Но сказать подобное вслух она по каким-то причинам не может. Пытается, потом ещё раз, и в конце концов наружу вырывается почти детский вызов:
— Да что ты вообще знаешь?
— Много, Лени. Я знаю, что ты подсела на боль, а потому будешь выходить со станции и продолжать испытывать рифт на прочность, провоцировать его на убийство. И рано или поздно он тебя убьет, разве ты этого не видишь? Поэтому тебе здесь не место. Поэтому тебя нужно отправить обратно. Кларк встает:
— Я не вернусь. — И направляется к люку. Баллард протягивает к ней руку.
— Постой, тебе нельзя уходить, ты должна меня выслушать. Это ещё не все.
Лени кидает на неё абсолютно равнодушный взгляд:
— Спасибо за заботу. Но я могу уйти. И могу покинуть станцию, когда мне вздумается.
— Если ты сейчас выйдешь, то потеряешь все, они наблюдают за нами! Ты что, до сих пор этого не поняла? — Баллард повышает голос: — Послушай, они все про тебя знают! Они ищут таких, как ты! Проверяют нас, не знают точно, какого типа личности справятся с работой здесь лучше, поэтому смотрят, кто сломается первым! Как ты не понимаешь, вся эта программа — эксперимент! Всех, кого сюда послали: меня, тебя, Кена Лабина, Лану Чунг… Мы все — часть хладнокровного эксперимента…
— А ты его проваливаешь, — спокойно резюмирует Кларк. — Понимаю.
— Они используют нас, Лени… Не выходи туда!!!
Пальцы Дженет впиваются в Кларк, словно присоски осьминога. Та их резко отталкивает. Открывает люк, распахивает его.
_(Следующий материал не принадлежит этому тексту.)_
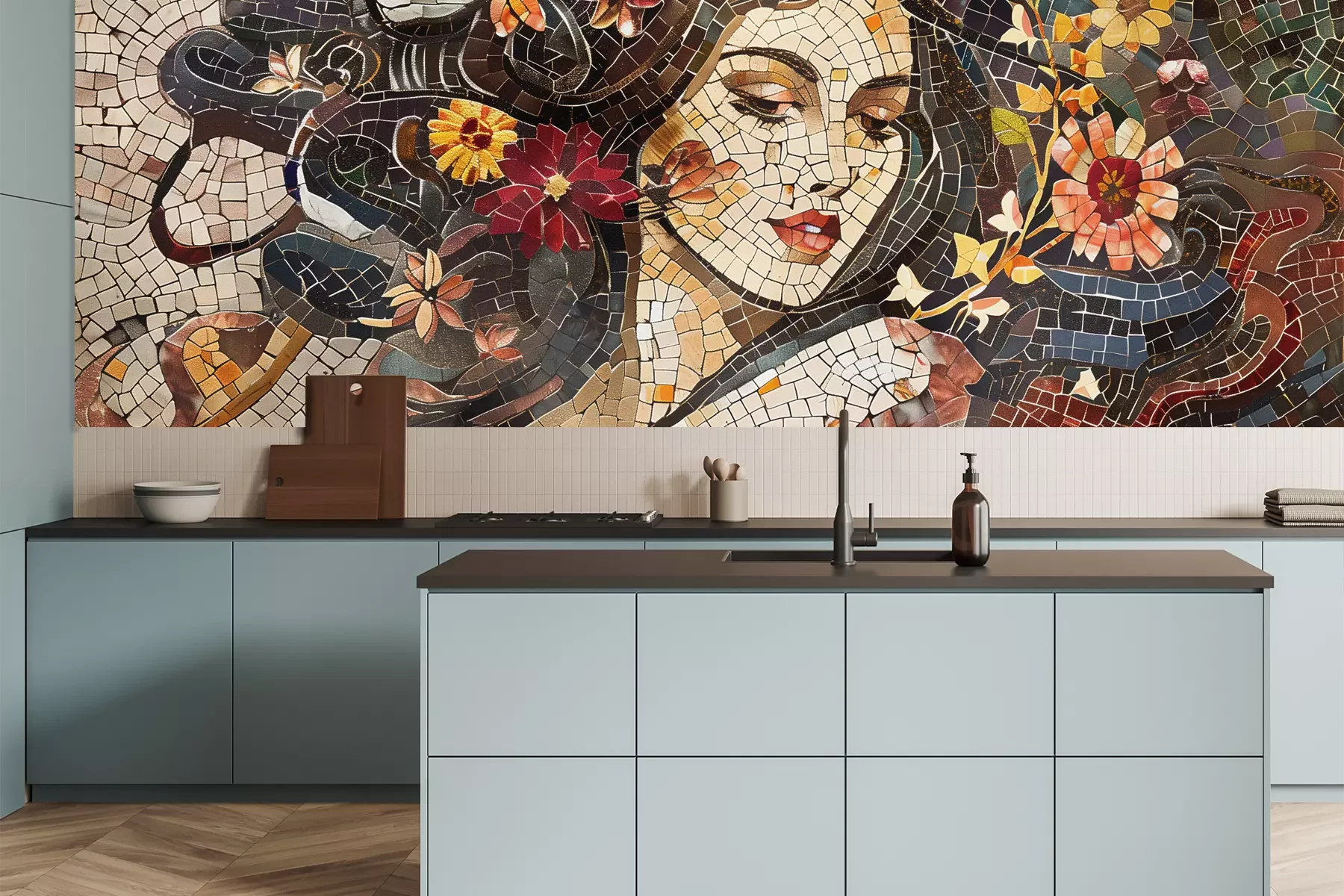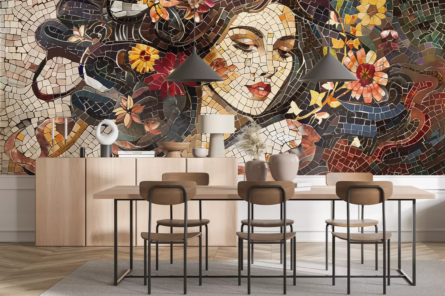 Das Material Premium+ besteht aus einer strukturierten Vinyl-Oberschicht und einem Trägermaterial (Vlies) mit einer Grammatur von 255 g/m², das kleine Unebenheiten der Wand zuverlässig kaschiert. Die feine Sandstruktur verleiht der Oberfläche eine luxuriöse Haptik, während das halbmatte Finish die Tiefe der Farben betont. Das Material ist dampfdurchlässig – so kann diese Fototapete auch in Küchen und Badezimmern eingesetzt werden. Die maximale Breite einer Tapetenbahn beträgt 100 cm. Bei größeren Abmessungen besteht die Fototapete aus mehreren gleich großen Bahnen. Der Kleber wird direkt auf die Wand aufgetragen, und die Fototapete wird auf Stoß angebracht, was für einen ästhetischen Effekt ohne sichtbare Fugen sorgt. Die Oberfläche ist pflegeleicht und kann bei Bedarf sanft mit einem feuchten Tuch abgewischt werden.

Слышит, как напарница встает за спиной.
— Ты больная! — кричит Баллард.
Что-то врезается прямо в голову Кларк. Она падает ничком на пол коридора, трубы больно впиваются в ладони.
Лени перекатывается на бок и поднимает руки, защищаясь, но Баллард перешагивает через неё и направляется в кают-компанию.
«Я не боюсь, — замечает Кларк, поднимаясь на ноги. — Она меня ударила, а я не боюсь. Ну разве не странно…»
Откуда-то поблизости доносится звон разбитого стекла.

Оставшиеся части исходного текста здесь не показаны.